> **THE DATA**:
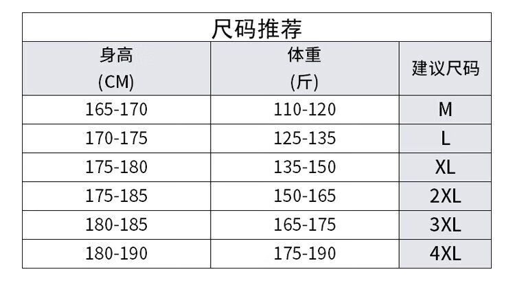 China (cm) 165 / 88-90 170 / 96-98 175 / 108-110 180 / 118-122 185 / 126-130
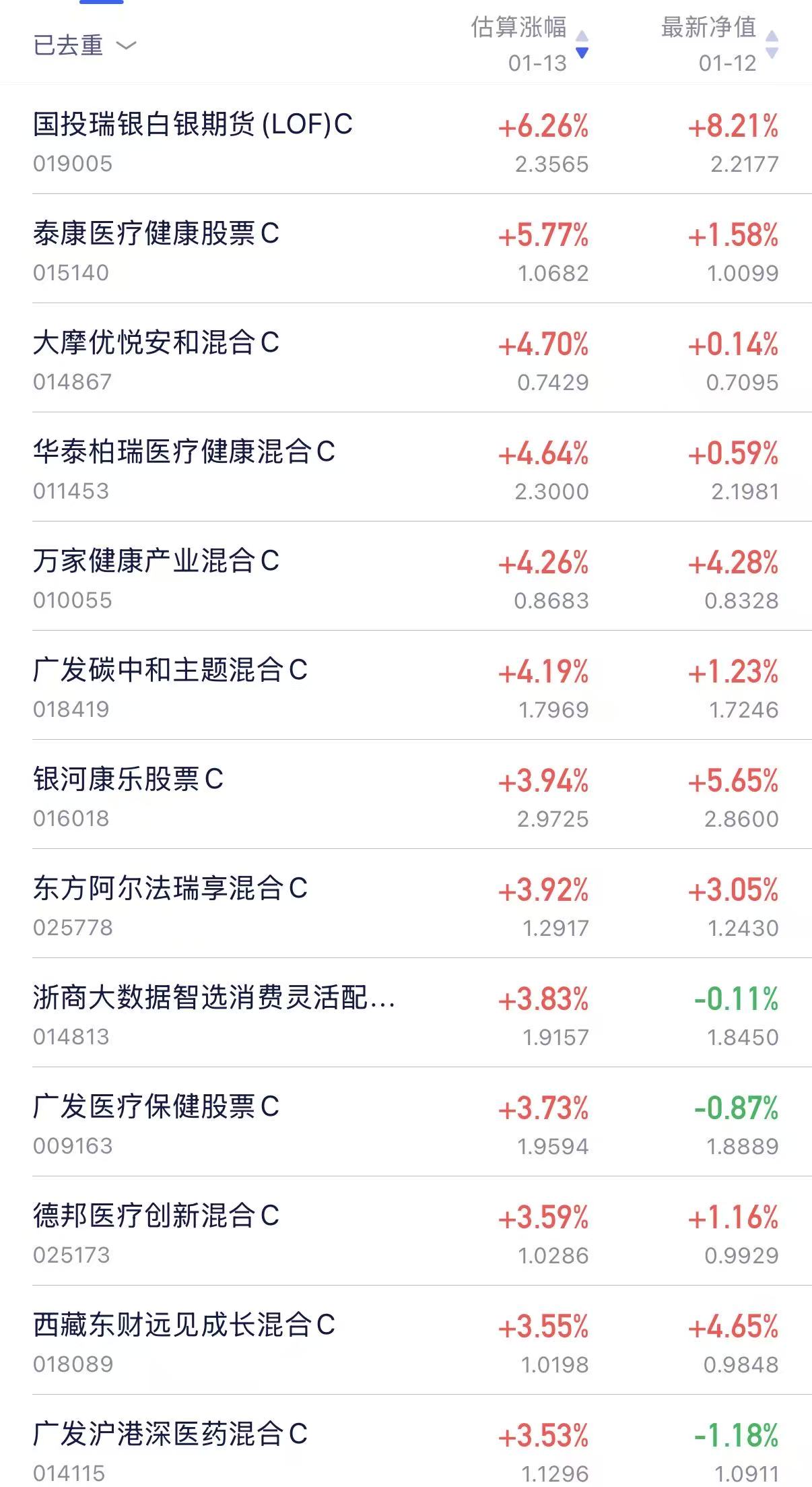 今日我关注的一些热门基金上涨下跌情况分享:$国投瑞银白银期货(LOF)C(OTCFUND|019005)$ $泰康医疗健康股票发起C(OTCFUND|015140)$
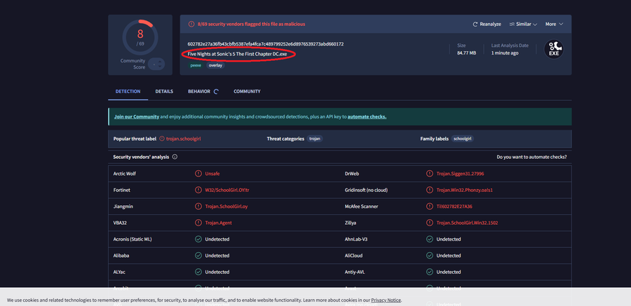 (WRONG SORRY) so every fnas dc game has a virus (including demos and older versions)
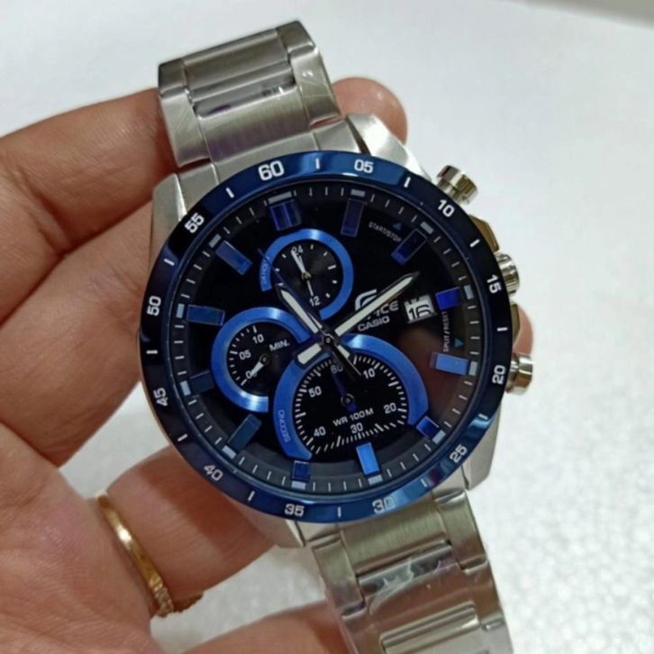 JAM TANGAN PRIA CASIO EDIFICE EFR-571 SILVER BLUE ORIGINAL- FREE ACCESORIES - FREE ONGKIR
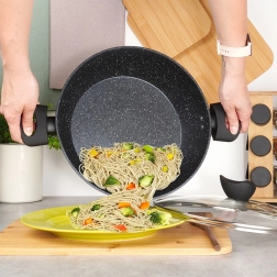 La couche granit spéciale minimise l’adhérence et permet de cuisiner avec moins d’huile. Les aliments se détachent facilement et la poêle se nettoie rapidement.
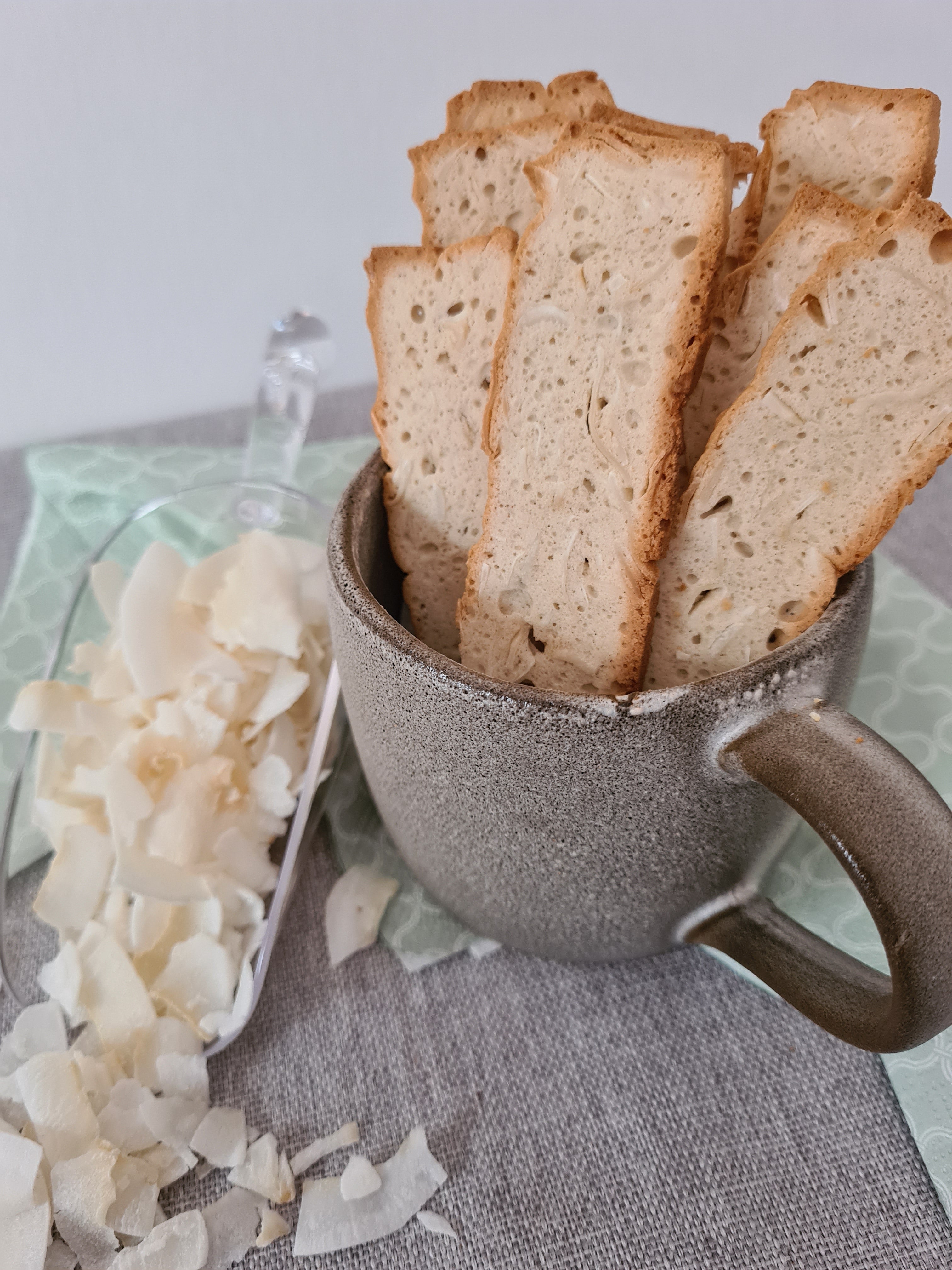 The soft sweet smell and taste of shaved coconut in a thinly sliced biscuit makes for a delicious crunchy treat.
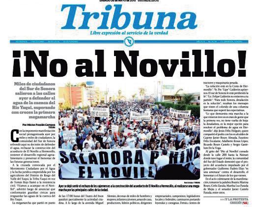 TRIBUNA documentó el momento desde su portada con un titular contundente y directo: “¡No al Novillo!”. La imagen ocupaba casi toda la primera plana: una multitud diversa, jóvenes, adultos, familias enteras, ondeaban pancartas y mantas en defensa del recurso hídrico que consideraban propio. La consigna era clara: defender el agua de Sonora ante lo que percibían como una amenaza para su futuro.
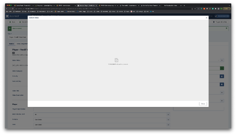 However when I try to e.g. change user in the Video tab, or choose a video in the Player module or preview a video in the front I'm constantly getting "refused to connect" error messages. Please see attached screenshots. I've tried to modify the iFrame URL to make sure the path is correct but to no avail.
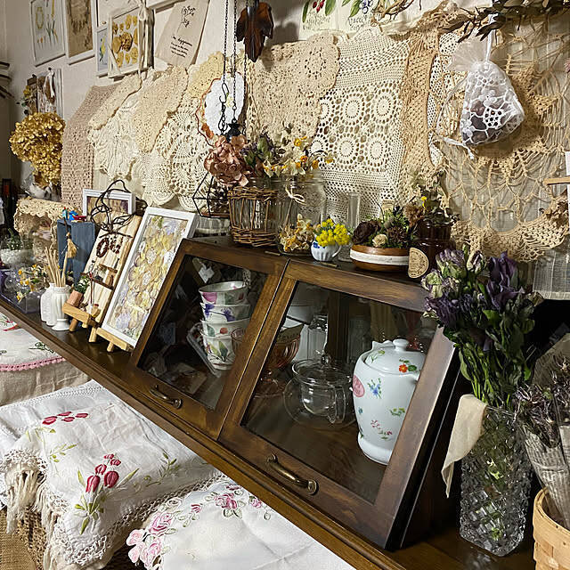 ChiCoさんは、カウンター上にガラスケースを置いて、本格的なカフェの趣を演出しています。カウンターと色味を合わせたダークブラウンが、アンティーク風のどこか懐かしい空間を作り出します。普段使いの食器も、ガラス越しに見えるだけで特別な存在に。ブレイクタイムがより一層待ち遠しくなりますね。
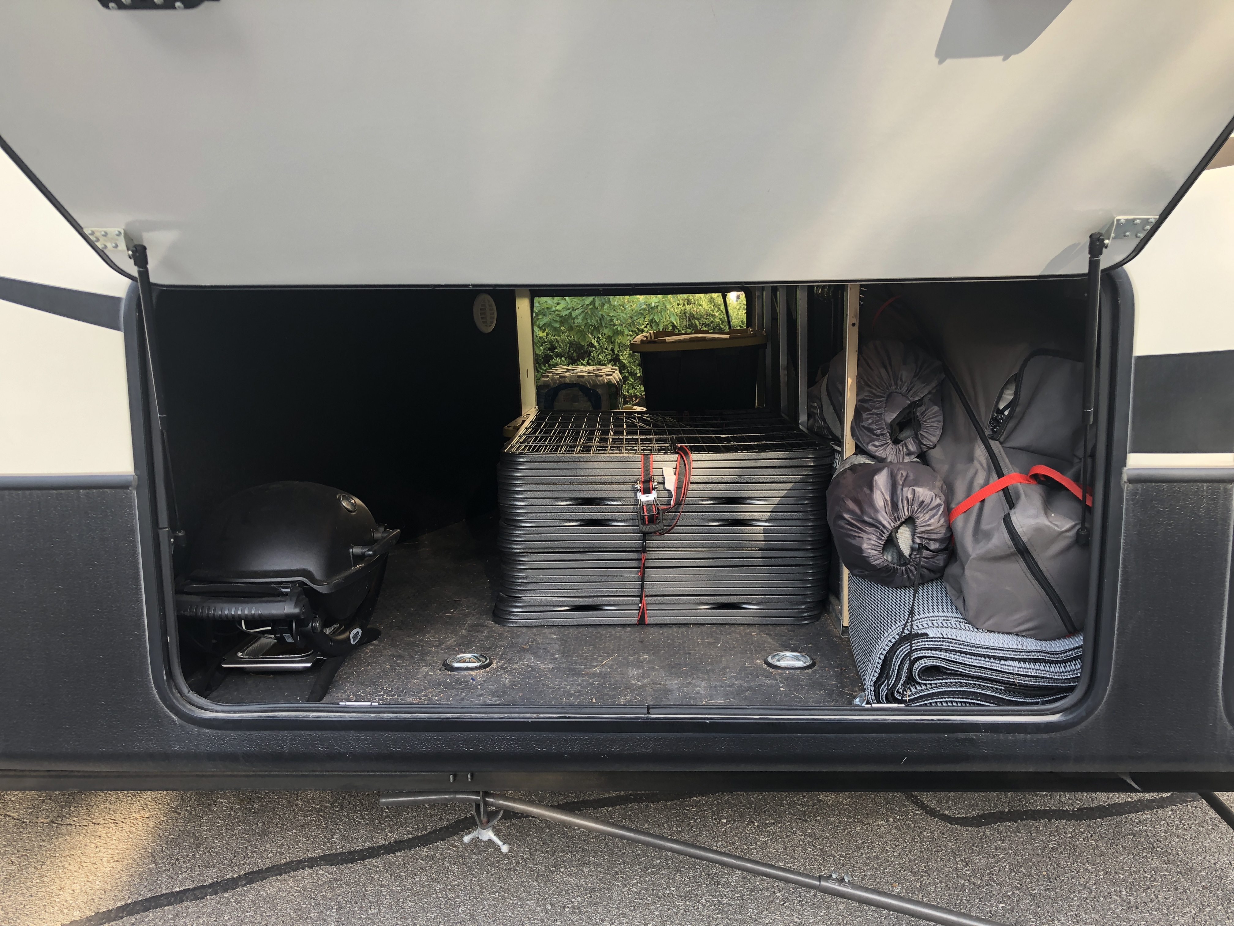 While it was here, I replaced the Anderson 4-way valve cartridge and one of the toilet’s flushing mechanisms, both due to leaks. We had a hard freeze over the winter that damaged both of them, and because we don’t usually have freezes like that here, the RV wasn’t properly winterized. I ordered spares as well. Then I moved on to the underbody storage. I pulled everything out of it and lumped it into a huge pile in the garage. The pass through storage had inflatable kayaks, paddleboards, a telescope, and all sorts of things we thought we would use often but rarely did. I went to Home Depot and bought a few plastic totes to organize the remaining items and then stacked our new fence in there.
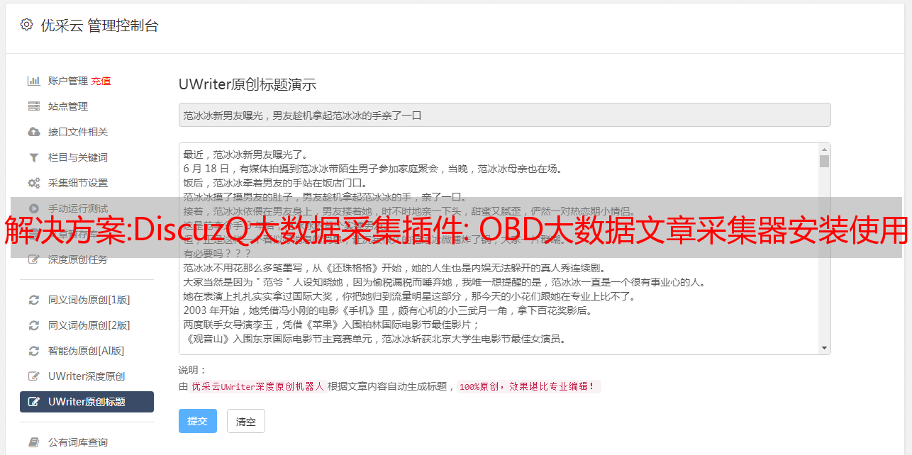 优采云 发布时间: 2022-12-16 00:51解决方案:DiscuzQ大数据采集插件: OBD大数据文章采集器安装使用教程 For Di
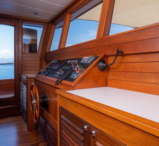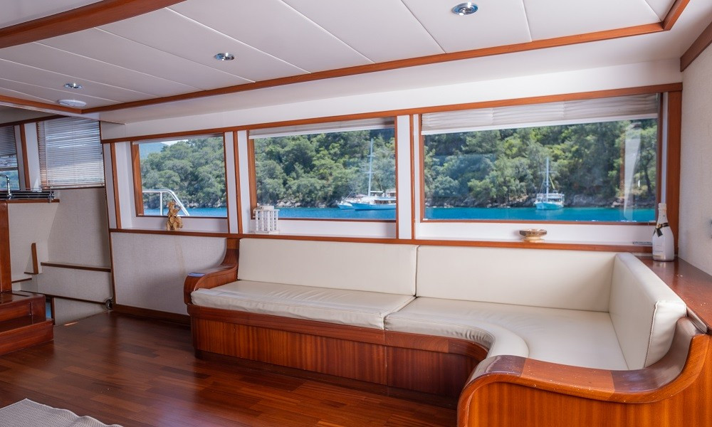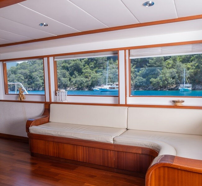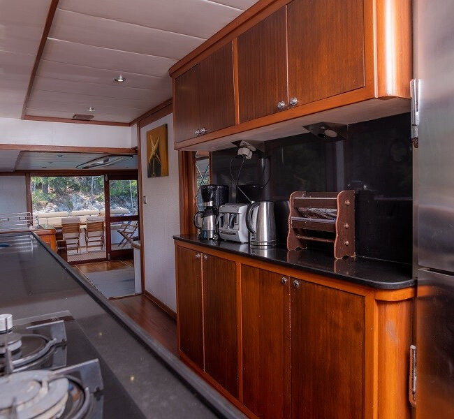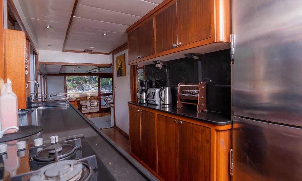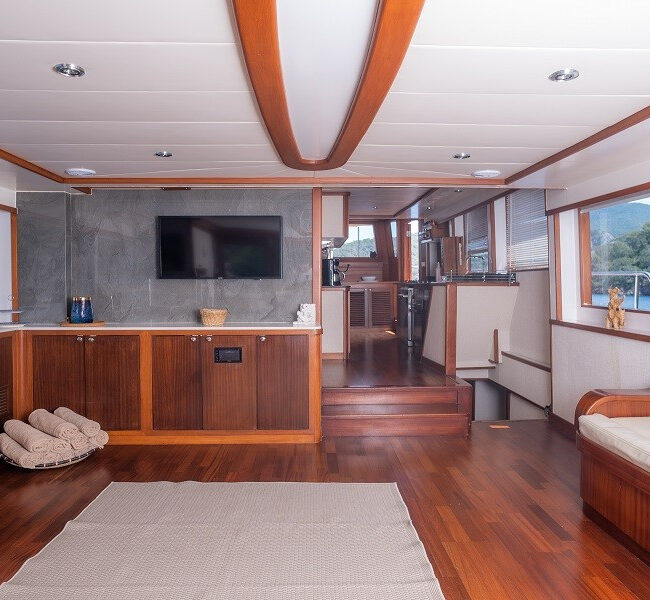 Trawler Ruzanna is sleeping up to 8 passengers. Her interior is classy and stylish from the well-equipped kitchen, and lounge with TV,
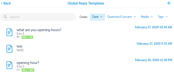 Note: If you enter a search keyword before creating a new template, and that search keyword doesn't match the Question/Concern, template or tags in the new template you're creating, After you save, you will not find that template in the list (you must first remove the search string before you see that new template in the list).
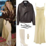 Cara Delevingne was spotted leaving The Bowery Hotel in New York City wearing a Love Club Magazine Tee (Not available online), a Saint Laurent Classic Biker Jacket ($4,990.00), Kutula Tracksuit Bottoms ($50.00), a Rimowa Salsa 22″ Cabin Multiwheel Suitcase ($525.00) and Chanel Calfskin & Neoprene Sneakers (Not available online).
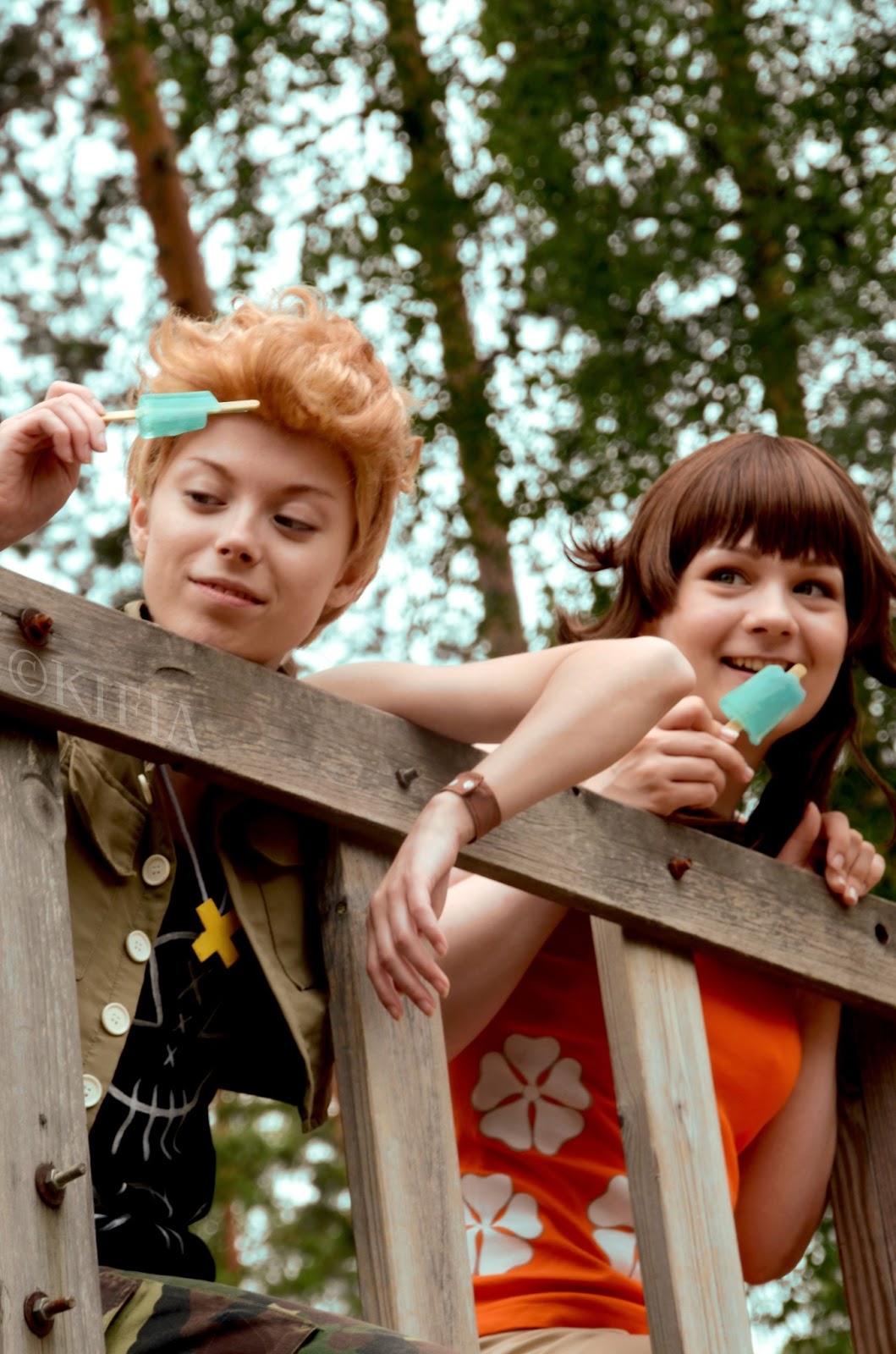 jäätelöiden kanssa heti Ninnun talon pihalla, sillä mokomat

> **YOUR ASSIGNMENT**: Please take the lines from the beginning of the data above through the line holding "JAM TANGAN PRIA" and transcribe them exactly, without any pictures.

> **OUTPUT OF THE TASK**:
 China (cm) 165 / 88-90 170 / 96-98 175 / 108-110 180 / 118-122 185 / 126-130
 今日我关注的一些热门基金上涨下跌情况分享:$国投瑞银白银期货(LOF)C(OTCFUND|019005)$ $泰康医疗健康股票发起C(OTCFUND|015140)$
 (WRONG SORRY) so every fnas dc game has a virus (including demos and older versions)
 JAM TANGAN PRIA CASIO EDIFICE EFR-571 SILVER BLUE ORIGINAL- FREE ACCESORIES - FREE ONGKIR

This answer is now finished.